The reply should hold every line of the data below, unchanged, and none of the pictures.

◆ Data extract
===============

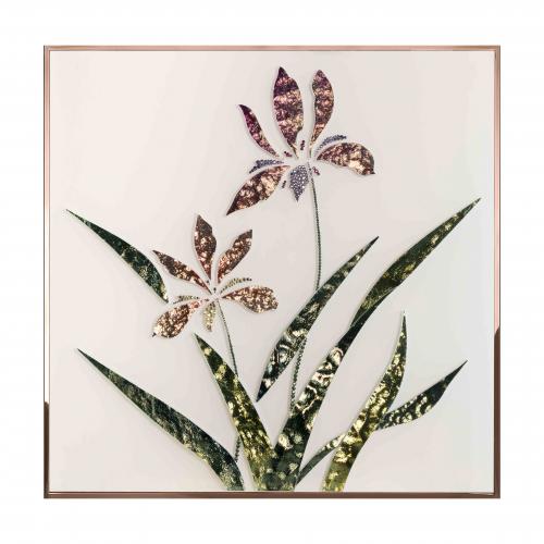 Açıklama: 70x70cm Sanatsal Murano cam parçaları ve Swarovski kristalleri ile sedef pleksiglas taban. Çelik çerçeve, çeşitli metal yüzeylerde mevcuttur.
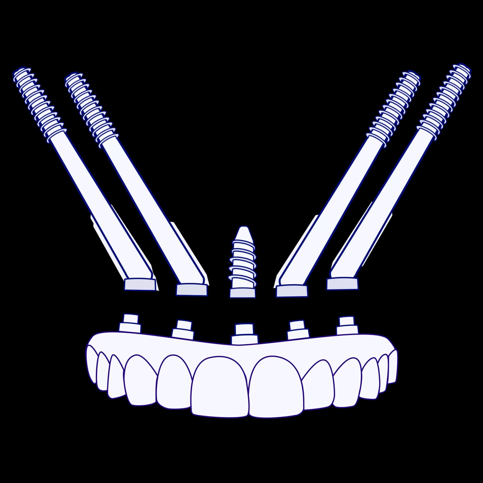 For cases requiring extra support—such as severe bone loss, bruxism, or a desire for longer cantilevers—this variation places 5 or 6 implants per arch.
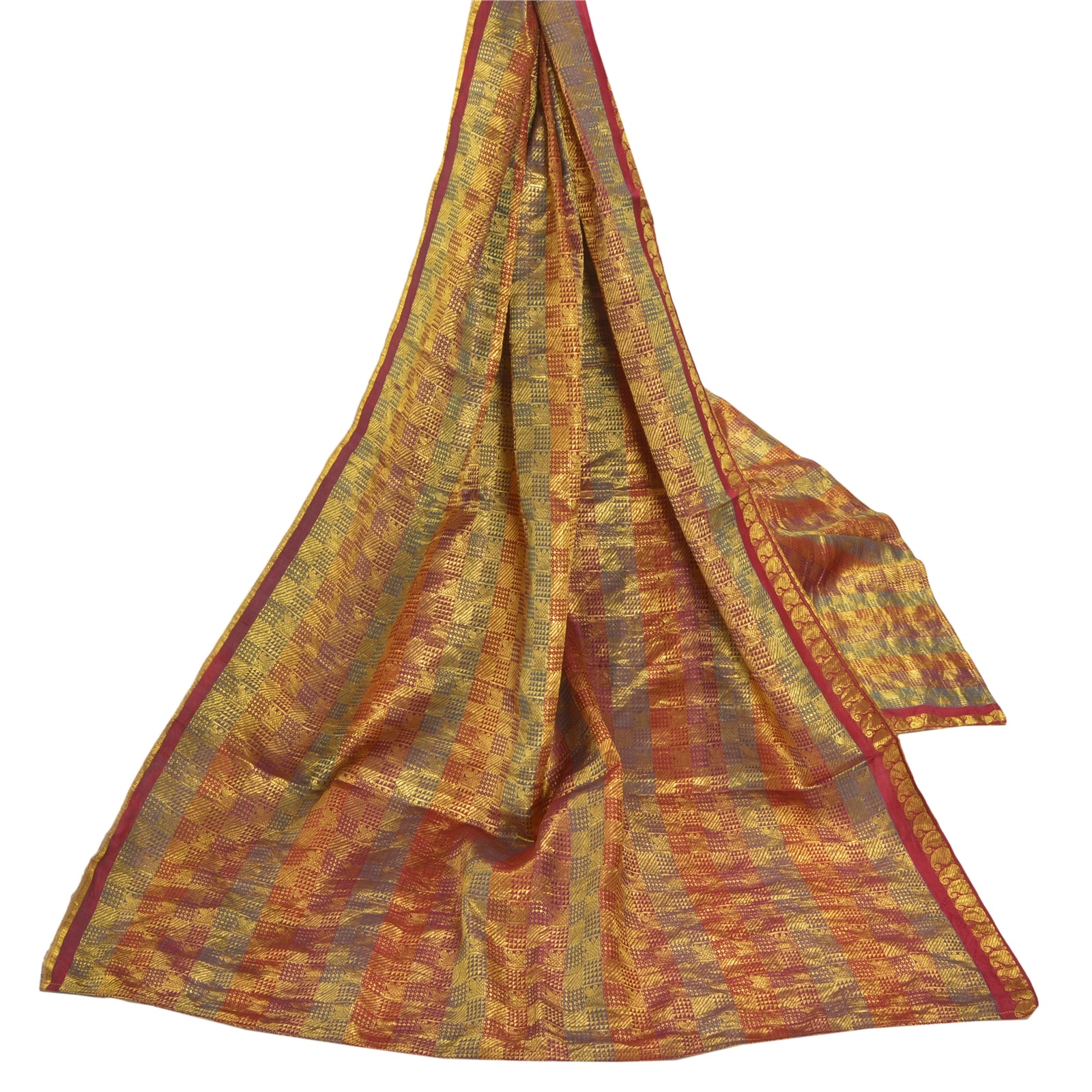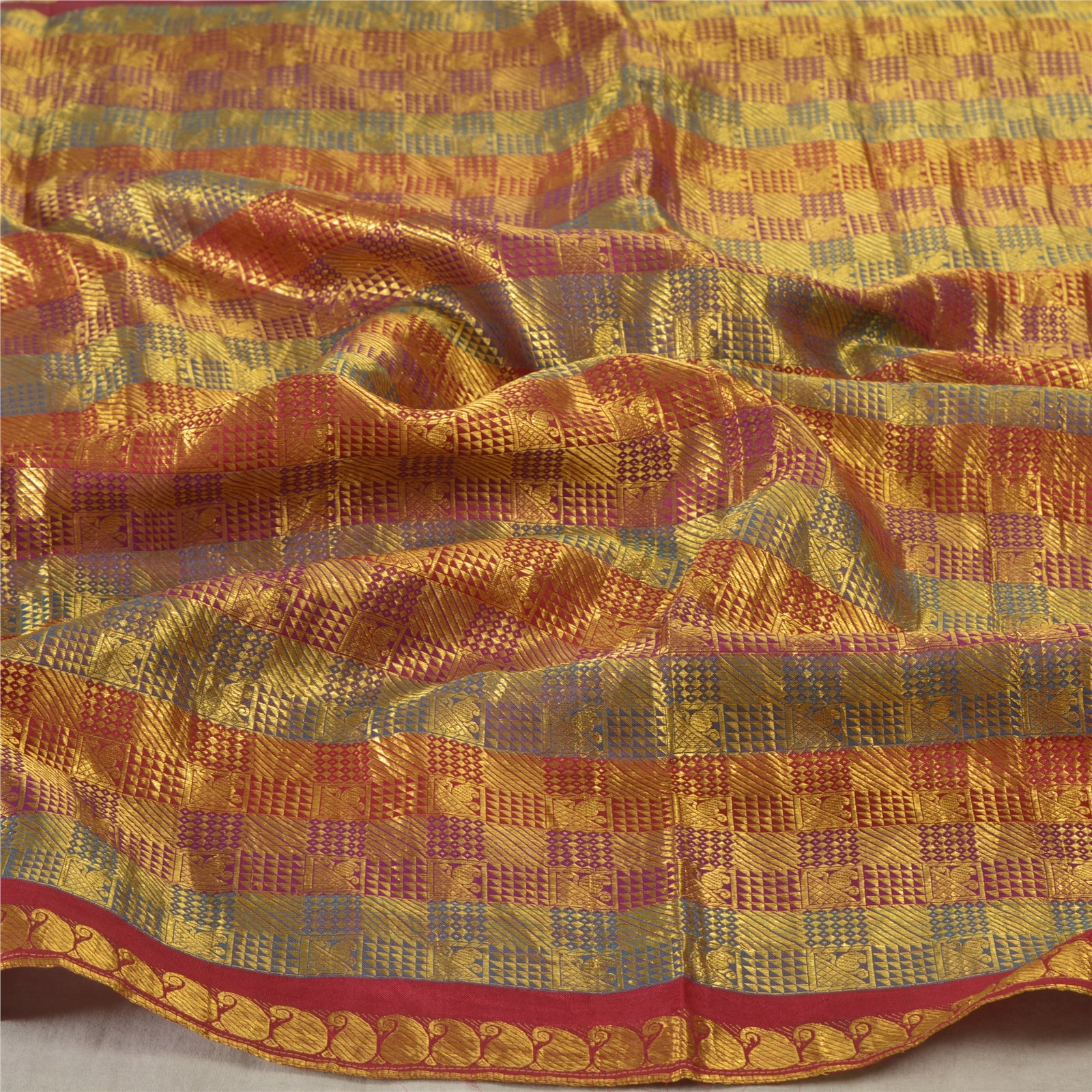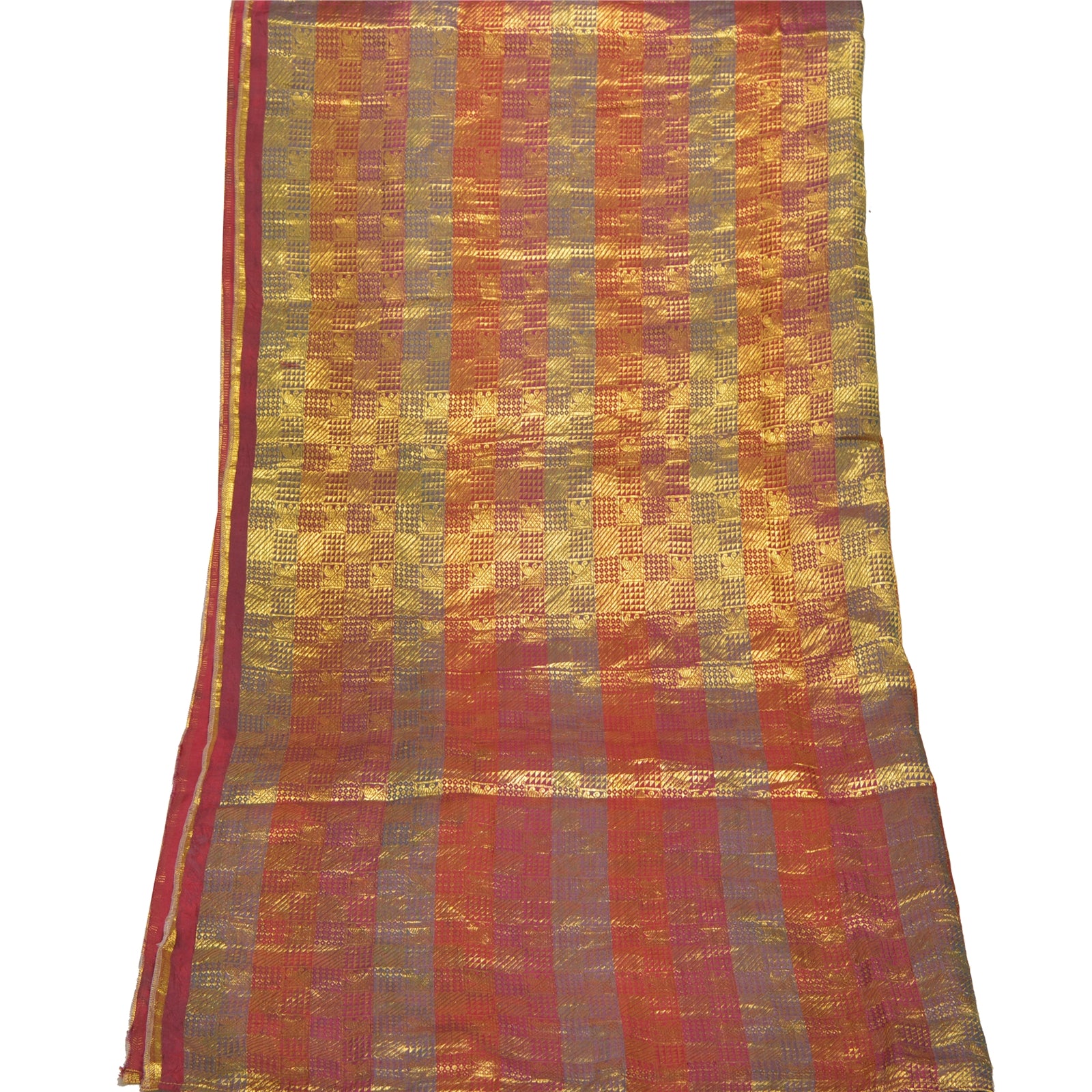 Sanskriti Vintage Heavy Dupatta 100% Pure Silk Woven Brocade Zari Work Stole

===============

◆ Exercise output
 Açıklama: 70x70cm Sanatsal Murano cam parçaları ve Swarovski kristalleri ile sedef pleksiglas taban. Çelik çerçeve, çeşitli metal yüzeylerde mevcuttur.
 For cases requiring extra support—such as severe bone loss, bruxism, or a desire for longer cantilevers—this variation places 5 or 6 implants per arch.
 Sanskriti Vintage Heavy Dupatta 100% Pure Silk Woven Brocade Zari Work Stole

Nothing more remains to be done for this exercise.